Top of DATA

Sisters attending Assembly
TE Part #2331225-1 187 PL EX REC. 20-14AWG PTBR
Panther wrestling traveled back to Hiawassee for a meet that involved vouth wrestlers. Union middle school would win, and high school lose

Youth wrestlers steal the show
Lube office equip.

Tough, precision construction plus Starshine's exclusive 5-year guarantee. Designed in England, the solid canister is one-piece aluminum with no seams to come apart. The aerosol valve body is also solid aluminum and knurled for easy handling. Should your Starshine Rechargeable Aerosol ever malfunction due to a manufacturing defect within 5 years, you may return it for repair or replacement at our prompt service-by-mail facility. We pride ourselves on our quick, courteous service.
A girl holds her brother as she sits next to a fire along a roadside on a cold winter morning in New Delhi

Bottom of DATA
Top of DATA

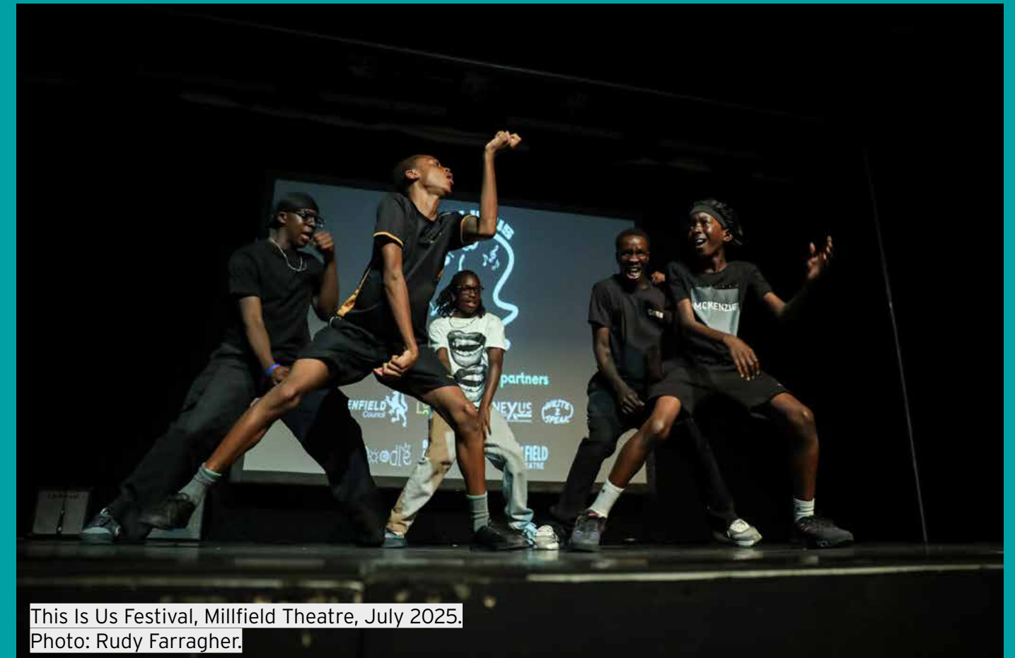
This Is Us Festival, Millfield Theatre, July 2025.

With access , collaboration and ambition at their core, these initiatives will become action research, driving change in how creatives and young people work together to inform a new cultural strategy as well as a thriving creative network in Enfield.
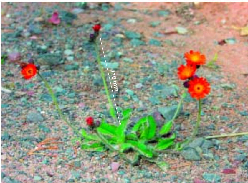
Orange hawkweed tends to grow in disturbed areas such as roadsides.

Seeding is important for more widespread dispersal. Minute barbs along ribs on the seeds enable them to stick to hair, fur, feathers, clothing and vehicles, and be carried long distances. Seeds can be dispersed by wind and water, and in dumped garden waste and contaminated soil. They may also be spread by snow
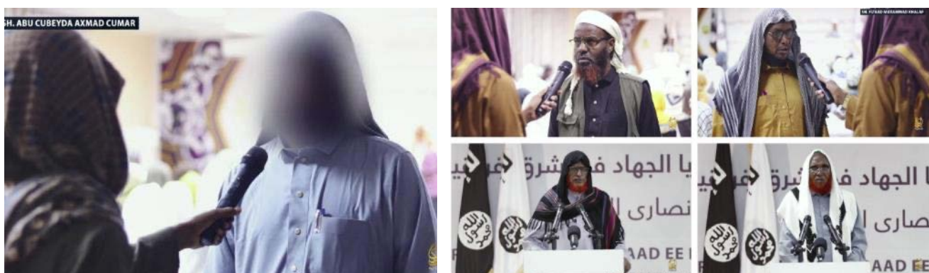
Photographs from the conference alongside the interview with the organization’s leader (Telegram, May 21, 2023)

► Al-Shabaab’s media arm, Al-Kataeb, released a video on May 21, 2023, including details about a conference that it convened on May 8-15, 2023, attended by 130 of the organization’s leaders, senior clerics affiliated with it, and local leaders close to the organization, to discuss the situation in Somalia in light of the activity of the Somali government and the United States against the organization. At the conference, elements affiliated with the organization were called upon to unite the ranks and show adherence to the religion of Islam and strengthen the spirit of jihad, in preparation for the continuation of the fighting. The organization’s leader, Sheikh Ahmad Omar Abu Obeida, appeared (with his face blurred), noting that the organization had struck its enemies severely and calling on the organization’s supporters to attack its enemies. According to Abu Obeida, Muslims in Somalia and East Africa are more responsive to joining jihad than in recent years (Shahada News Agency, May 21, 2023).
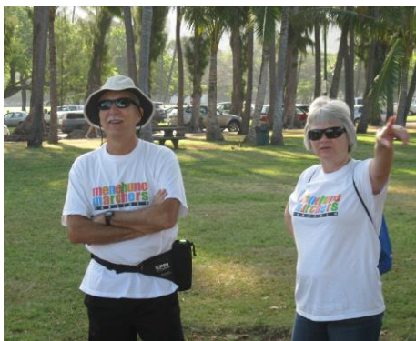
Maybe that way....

Bottom of DATA
Top of DATA

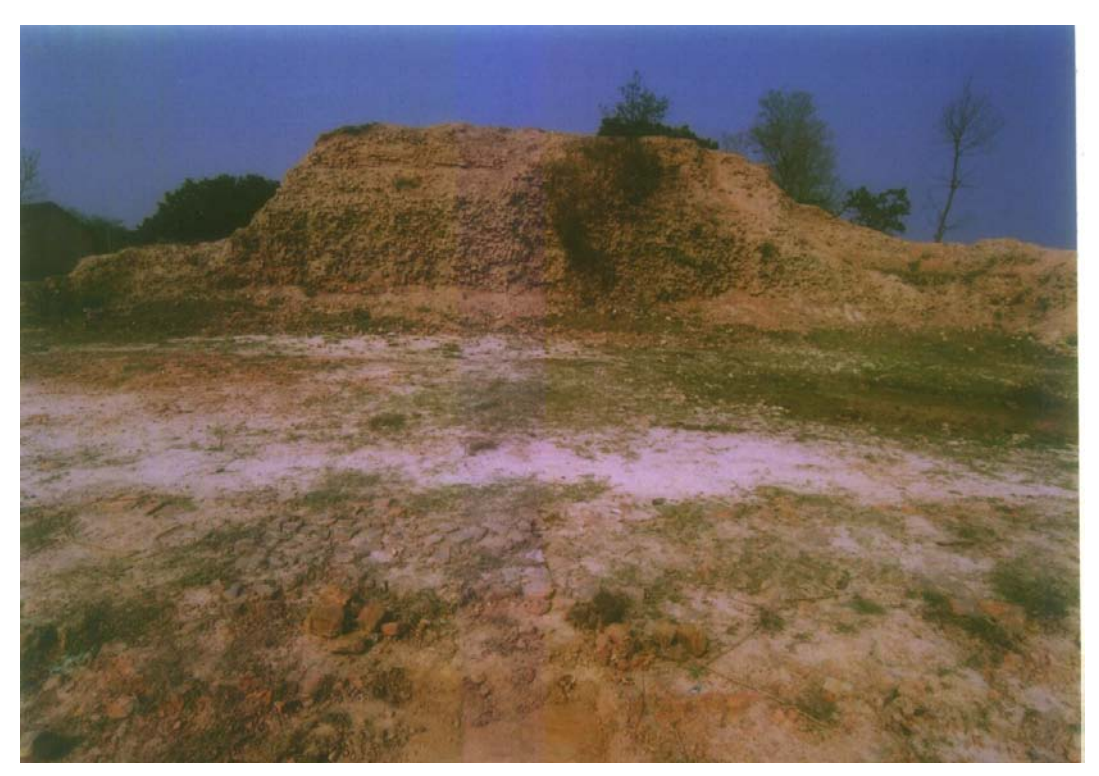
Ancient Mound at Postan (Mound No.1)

Bottom of DATA

EXERCISE REQUIREMENTS ▸ Within the data above, the span starting at the line containing "Sisters attending Assembly" and ending at the line containing "A girl holds" is to be retyped exactly, with no other lines.

RESPONSE BELOW ▸
Sisters attending Assembly
TE Part #2331225-1 187 PL EX REC. 20-14AWG PTBR
Panther wrestling traveled back to Hiawassee for a meet that involved vouth wrestlers. Union middle school would win, and high school lose

Youth wrestlers steal the show
Lube office equip.

Tough, precision construction plus Starshine's exclusive 5-year guarantee. Designed in England, the solid canister is one-piece aluminum with no seams to come apart. The aerosol valve body is also solid aluminum and knurled for easy handling. Should your Starshine Rechargeable Aerosol ever malfunction due to a manufacturing defect within 5 years, you may return it for repair or replacement at our prompt service-by-mail facility. We pride ourselves on our quick, courteous service.
A girl holds her brother as she sits next to a fire along a roadside on a cold winter morning in New Delhi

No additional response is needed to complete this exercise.